As I have already noted, however, the Supreme Court has granted an application for a writ in Penny v. Lynaugh,9 rendered an opinion in Franklin v. Lynaugh10 in *1408which the concurring opinion of Justices O’Connor and Blackmun is particularly relevant,11 and granted stays pending consideration of writ applications in Selvage v. Lynaugh,12 Bridge v. Lynaugh,13 Bell v. Lynaugh,14 and Hawkins v. Lynaugh.15
The cumulative effect of these actions seems to me to undermine the continuing validity of the Fifth Circuit precedents and demonstrates that reasonable jurists might find both that the Supreme Court decisions in those cases would be dispositive of the issues in this capital case and that a stay should be granted pending the outcome of those events. I, therefore, urge the Supreme Court to grant a stay pending its determination of Penry and the writ applications in Selvage, Bridge, Bell, and Hawkins.

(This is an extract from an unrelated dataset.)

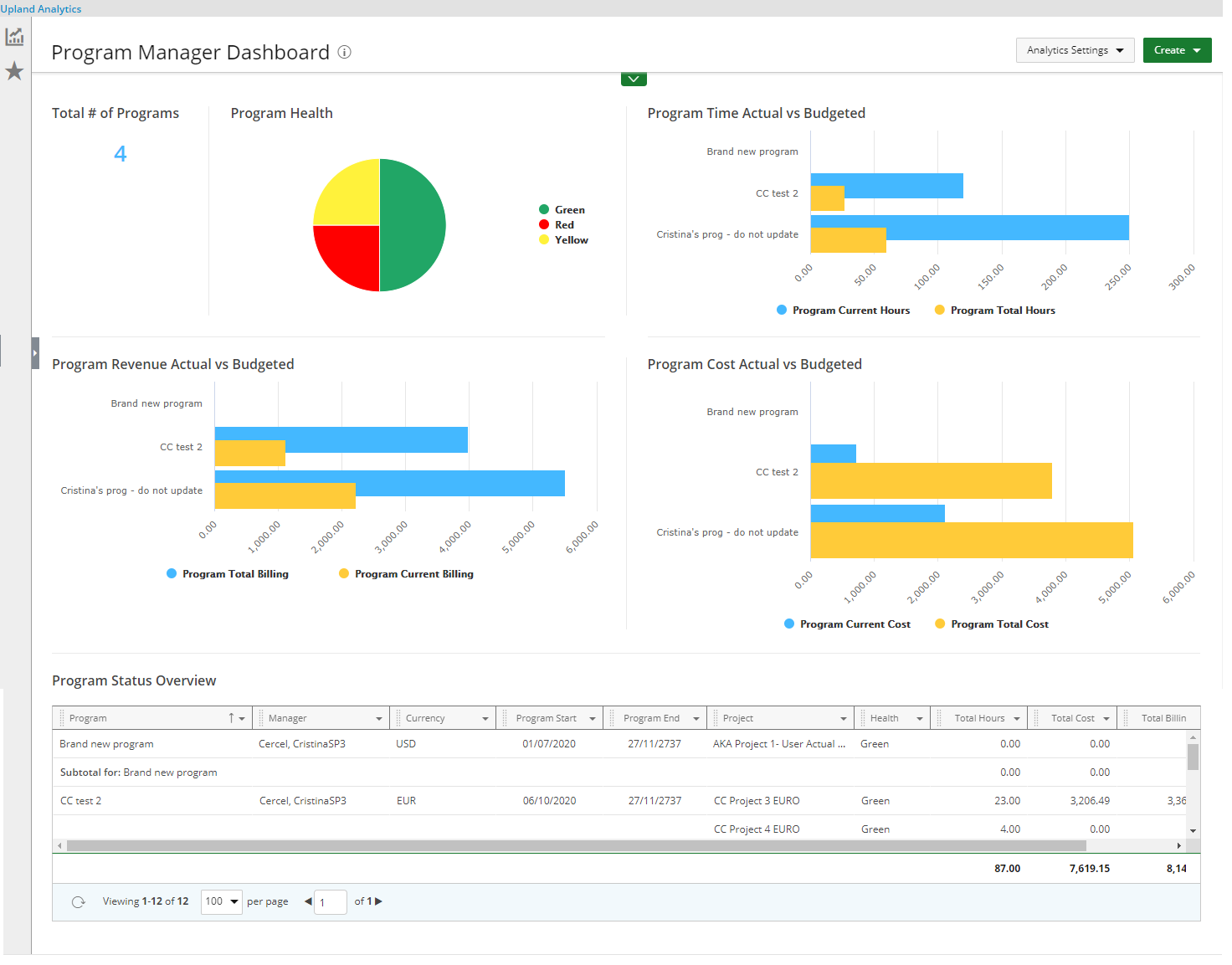 - Aperçu de l'état du programme : gestionnaire, devise, dates de début et de fin réelles, nom(s) du projet, santé du projet, durée totale réelle, coût réel en devise du programme, facturable réel en devise du programme et symbole monétaire du ou des programmes associés au programme. l'utilisateur connecté.

. Compare Harris v. Reed, — U.S. -, 109 S.Ct. 1038, 103 L.Ed.2d 308 (1989).

. Selvage v. Lynaugh, 842 F.2d 89, 93 (5th Cir.1988).

. 837 F.2d 1294 (5th Cir.1988).

. Williams, 837 F.2d at 1296.

. See Selvage v. Lynaugh, 842 F.2d 89 (5th Cir.1988); Bridge v. Lynaugh, 863 F.2d 370 (5th Cir.1988) (Bridge III), replacing Bridge v. Lynaugh, 860 F.2d 162 (5th Cir.1988) (Bridge II), replacing Bridge v. Lynaugh, 856 F.2d 712 (5th Cir.1988) (Bridge I).

. Bridge I, 856 F.2d at 714.

. See Bridge II, 860 F.2d at 163-64.

. See Bridge III, 863 F.2d 370.

. 832 F.2d 915 (5th Cir.1987), cert. granted, — U.S. -, 108 S.Ct. 2896, 101 L.Ed.2d 930 (1988).

. — U.S. - 108 S.Ct. 2320, 101 L.Ed.2d 155 (1988).

. 108 S.Ct. at 2332-35.

. 842 F.2d 89 (5th Cir.), stay granted, — U.S. -, 108 S.Ct. 1283, 99 L.Ed.2d 494 (1988).

. 856 F.2d 712 (5th Cir.), stay granted, — U.S. -, 109 S.Ct. 20, 101 L.Ed.2d 972 (1988).

. 858 F.2d 978 (5th Cir.), stay granted, — U.S. -, 109 S.Ct. 254, 102 L.Ed.2d 243 (1988).

. 862 F.2d 482 (5th Cir.), stay granted, — U.S. -, 109 S.Ct. 569, 102 L.Ed.2d 593 (1988).